Combination therapy of gamma-aminobutyric acid derivative promotes proton pump inhibitor based healing of reflux esophagitis in animal model.

机构信息

Department of Pharmaceutical Sciences, Babasaheb Bhimrao Ambedkar University (A Central University), Lucknow, India.

Department of Pharmaceutical Sciences, Babasaheb Bhimrao Ambedkar University (A Central University), Lucknow, India.

出版信息

Pharmacol Rep. 2014 Feb;66(1):165-8. doi: 10.1016/j.pharep.2013.06.011. Epub 2014 Feb 1.

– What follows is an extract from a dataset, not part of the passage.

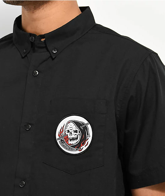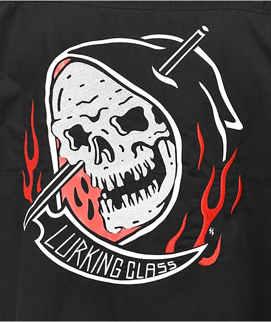 In an easy to pair black colorway comes the Certain work shirt from Lurking Class by Sketchy Tank, showing off a brand patch on the left chest pocket and colorful embroidery on the back of a hooded reaper. This button-up shirt is made from a durable cotto

DOI:10.1016/j.pharep.2013.06.011
PMID:24905323
Abstract

BACKGROUND

The present study was undertaken to elucidate the effect of omeprazole and baclofen on experimental esophagitis in albino rats.

METHODS

Groups of rats, fasted overnight received normal saline (3 ml/kg, ip; sham control) or toxic control (3 ml/kg, ip) or omeprazole (30 mg/kg, ip) or baclofen (20 mg/kg, ip) or their combinations, were subjected to the pylorus and forestomach ligation. Animals were sacrificed after 6 h and evaluated for the gastric pH, volume of gastric juices, total acidity, esophagitis index and free acidity. Esophageal tissues were further subjected to estimations of TBARS, GSH, catalase and SOD.

RESULTS

Treatment with omeprazole and baclofen significantly inhibited the gastric secretion, total acidity and esophagitis index. The treatment also helped to restore the altered level's oxidative stress parameters to normal.

CONCLUSION

The beneficial effect of omeprazole and baclofen against GERD could be conglomerately attributed to the antisectretory action of omeprazole and reduction in the tracheal lower esophageal sphincter release rate by baclofen.

摘要

背景

本研究旨在阐明奥美拉唑和巴氯芬对白化大鼠实验性食管炎的影响。

方法

禁食过夜的大鼠组接受生理盐水(3 ml/kg,ip;假对照)或毒性对照(3 ml/kg,ip)或奥美拉唑(30 mg/kg,ip)或巴氯芬(20 mg/kg,ip)或它们的组合,进行幽门和前胃结扎。6 小时后处死动物,评估胃 pH 值、胃液量、总酸度、食管炎指数和游离酸度。进一步对食管组织进行 TBARS、GSH、过氧化氢酶和 SOD 的测定。

结果

奥美拉唑和巴氯芬治疗可显著抑制胃酸分泌、总酸度和食管炎指数。该治疗还有助于将改变的氧化应激参数恢复到正常水平。

结论

奥美拉唑和巴氯芬对 GERD 的有益作用可能归因于奥美拉唑的抗分泌作用和巴氯芬降低气管下食管括约肌的释放率。